Reporting capital gains and losses can be a little tricky, depending on what type of property you have sold, how long you kept it, and whether or not you received all of the proceeds in the year of sale or not.
First of all, a “short term” gain/loss occurs with property you’ve kept for less than a year and is reported as ordinary income. If you’ve kept the property for a year and a day, then it is considered “long term”. Before I go any further, any property that is inherited, is considered “long term” regardless of how long you’ve had it. Ok, let’s start with, perhaps, the easiest transaction – sale of stock. It is fairly simple to determine the cost basis of the stock by asking, “What did you pay for it and when?” Take the actual cost of the stock, say, 100 shares of XYZ at $10 per share that you paid on October 1, 2011. That would be $1000, then add to it the broker’s commission of $60 and your cost basis is now $1060. If you kept the stock until October 1, 2012, you’ve kept it for one year and a day, and it is now “long-term”. If you sold it on that day for $15 per share, your gain is $440, less the broker’s commission.
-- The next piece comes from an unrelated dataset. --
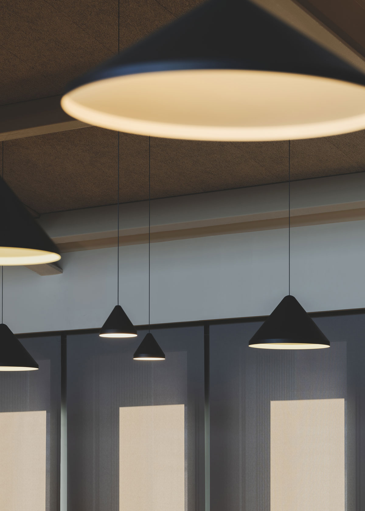 Il progetto Switch, la nuova sede globale di Simon a Barcellona, è il risultato di diverse azioni volte a consolidare i quattro pilastri fondamentali dell’impresa: collaborazione, benessere, sostenibilità e innovazione. Switch non è solo il nome della nuova sede aziendale di Simon e un esempio dell’attuale ruolo di avanguardia in ambito tecnologico svolto dal marchio e della sua proiezione internazionale. Ma è anche un omaggio alla sua storia, un riconoscimento di quel percorso iniziato nel 1916 e consolidato con la costruzione della fabbrica nel quartiere Poblenou di Barcellona negli anni Cinquanta. Diretto da Michela Mezzavilla, il lighting design doveva rispondere a due esigenze principali: l’efficienza energetica e l’applicazione del prodotto Simon al massimo delle sue potenzialità. Sei lampade Vibia per accompagnare momenti diversi. È qui, all’incrocio tra spazio e tempo, che entra in gioco la scelta degli apparecchi Vibia più adatti a ogni situazione, sfruttando anche i vantaggi della luce dinamica. Un esempio: Plusminus, di Diez Office, la cui cinghia in tessuto permette di personalizzare il design e di adattarlo a qualsiasi spazio tramite il ricorso a una grande varietà di apparecchi. Proseguendo nell’area direzionale di Simon, troviamo una zona living in cui gioca un ruolo speciale la lampada Ghost, disegnata da Arik Levy. La sua presenza luminosa ed eterea emana vibrazioni rilassanti, perfette per accompagnare i momenti di tranquillità che caratterizzano questo spazio. Nelle aree più sociali dell’edificio come la sala pranzo e la mensa, l’obiettivo era favorire un’atmosfera dinamica che invitasse alla socializzazione, conferendo alla luce un ruolo attivo nell’ambiente, non solo dal punto di vista estetico ma anche funzionale. A seconda della distribuzione dello spazio, la lampada a sospensione Flamingo di Antoni Arola si alterna alla collezione North, anch’essa di Arik Levy. North pendant illumina il percorso dei tavoli e delle panche, con una luce diffusa che invita a piacevoli conversazioni dopo cena. In altre zone dell’area pranzo North è utilizzata da sola o in combinazione con la versione floor, i cui bracci permettono di orientare la luce a piacimento e giocare al con l’estetica dell’inclinazione, che si allinea a quella del soffitto. Nell’ampia area di lavoro della sede di Simon, con una distribuzione lineare e ordinata delle diverse postazioni, spicca la collezione Pin di Ichiro Iwasaki nella sua versione da tavolo, capace di esaltare la continuità dell’estetica minimalista dello spazio. Il progetto di ristrutturazione dell’ex fabbrica Simon, su un’area di oltre 12mila metri quadrati, fonde il recupero del passato industriale con il ricorso a un’architettura di qualità, che si apre all’innovazione tecnologica senza dimenticare la sostenibilità ambientale e il benessere delle persone. Tutti valori che caratterizzano anche il DNA di Vibia.

You should get a Form 1099-B from your broker on this and you would report it on Form 1040, Schedule D. If you sold the stock on September 30, 2012, it is considered “short-term”, but you still report it on Schedule D.
Now, if you sold business equipment, say, a bulldozer that has been used in the business for 10 years, things get a little more complicated. This type of equipment is depreciated on Form 4562 from the time it is actually put into service in the business and according to certain IRS rules that determine its life expectancy. In this case, a bulldozer is depreciated over 7 years. When it is sold, one must re-capture the depreciation allowed (whether or not it is actually taken – more on that later). This transaction is recorded on Form 4797 and the resultant gain or loss is carried over to Schedule D, regardless of whether this business is incorporated or is a sole proprietor. If incorporated, the Schedule D would be shown on the corporate return (1120 or 1120S). If unincorporated, the Schedule D would be shown on Form 1040. One of the difficult parts of this process is determining the cost basis of the property. That may not always be black and white. Generally speaking, though, your cost basis is what you paid for it, plus any costs you incurred to put the item into service. In the case of the bulldozer, if you bought it used, you might have had to overhaul the motor and transmission to make it useful. Those costs are part of your basis.
Remember I said in the beginning that how you report the gain/loss would also depend upon whether you received the proceeds in the year of sale or not? Well, if you did not receive all of the proceeds in the year of sale, you have an “installment sale”. Installment sales are reported on Form 6252. Here you record the details of the transaction, the gross sale amount, the cost of sale, how much you received in the year of sale. Then, depending upon whether this is business property sold or not, you would carry the results over to Form 4797, then to Schedule D or straight to Schedule D, if this is personal property, like a sale of stock.